#### Supplied material
Content starts

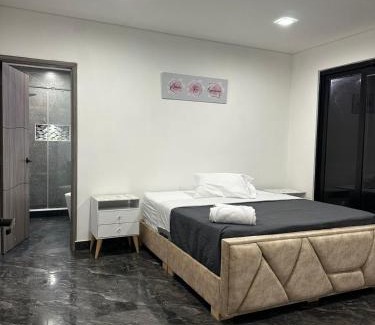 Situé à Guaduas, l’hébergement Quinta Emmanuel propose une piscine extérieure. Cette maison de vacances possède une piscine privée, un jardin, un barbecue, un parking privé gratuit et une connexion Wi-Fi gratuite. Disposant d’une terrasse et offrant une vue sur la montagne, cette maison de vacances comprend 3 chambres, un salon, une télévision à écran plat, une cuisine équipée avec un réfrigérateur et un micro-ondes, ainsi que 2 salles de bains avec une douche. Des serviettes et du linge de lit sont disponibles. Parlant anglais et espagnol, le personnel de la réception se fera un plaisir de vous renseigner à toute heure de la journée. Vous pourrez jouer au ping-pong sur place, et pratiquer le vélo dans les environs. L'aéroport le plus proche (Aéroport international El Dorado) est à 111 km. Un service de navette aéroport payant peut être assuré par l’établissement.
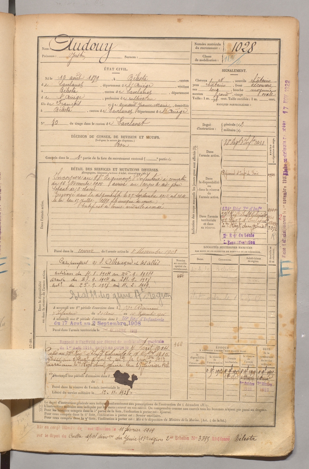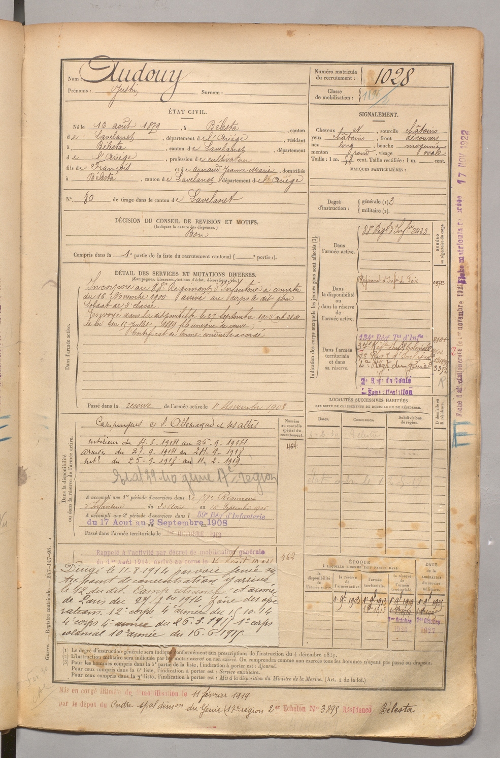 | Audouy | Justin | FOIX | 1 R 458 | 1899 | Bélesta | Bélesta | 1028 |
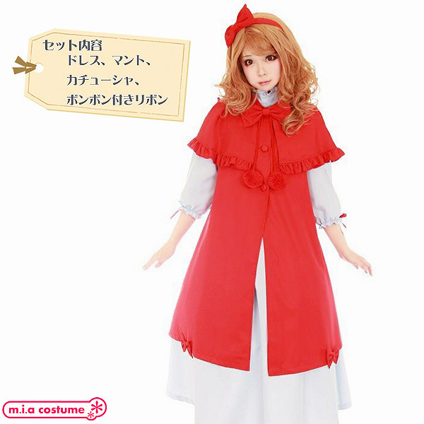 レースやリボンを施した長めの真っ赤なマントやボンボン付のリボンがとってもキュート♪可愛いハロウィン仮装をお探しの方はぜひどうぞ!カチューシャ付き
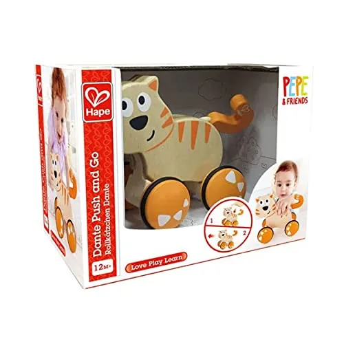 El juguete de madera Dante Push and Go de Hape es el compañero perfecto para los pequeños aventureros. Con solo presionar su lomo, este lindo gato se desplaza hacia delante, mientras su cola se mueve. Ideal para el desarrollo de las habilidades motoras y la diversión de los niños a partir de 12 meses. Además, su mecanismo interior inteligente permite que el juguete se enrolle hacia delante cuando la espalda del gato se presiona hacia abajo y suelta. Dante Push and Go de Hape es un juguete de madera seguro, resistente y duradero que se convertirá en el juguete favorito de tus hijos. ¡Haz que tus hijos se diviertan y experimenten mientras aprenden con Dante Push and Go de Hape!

Content ends

#### Exercise instructions
Leave every image out when you return the material above word for word.

#### Exercise solution
 Situé à Guaduas, l’hébergement Quinta Emmanuel propose une piscine extérieure. Cette maison de vacances possède une piscine privée, un jardin, un barbecue, un parking privé gratuit et une connexion Wi-Fi gratuite. Disposant d’une terrasse et offrant une vue sur la montagne, cette maison de vacances comprend 3 chambres, un salon, une télévision à écran plat, une cuisine équipée avec un réfrigérateur et un micro-ondes, ainsi que 2 salles de bains avec une douche. Des serviettes et du linge de lit sont disponibles. Parlant anglais et espagnol, le personnel de la réception se fera un plaisir de vous renseigner à toute heure de la journée. Vous pourrez jouer au ping-pong sur place, et pratiquer le vélo dans les environs. L'aéroport le plus proche (Aéroport international El Dorado) est à 111 km. Un service de navette aéroport payant peut être assuré par l’établissement.
 | Audouy | Justin | FOIX | 1 R 458 | 1899 | Bélesta | Bélesta | 1028 |
 レースやリボンを施した長めの真っ赤なマントやボンボン付のリボンがとってもキュート♪可愛いハロウィン仮装をお探しの方はぜひどうぞ!カチューシャ付き
 El juguete de madera Dante Push and Go de Hape es el compañero perfecto para los pequeños aventureros. Con solo presionar su lomo, este lindo gato se desplaza hacia delante, mientras su cola se mueve. Ideal para el desarrollo de las habilidades motoras y la diversión de los niños a partir de 12 meses. Además, su mecanismo interior inteligente permite que el juguete se enrolle hacia delante cuando la espalda del gato se presiona hacia abajo y suelta. Dante Push and Go de Hape es un juguete de madera seguro, resistente y duradero que se convertirá en el juguete favorito de tus hijos. ¡Haz que tus hijos se diviertan y experimenten mientras aprenden con Dante Push and Go de Hape!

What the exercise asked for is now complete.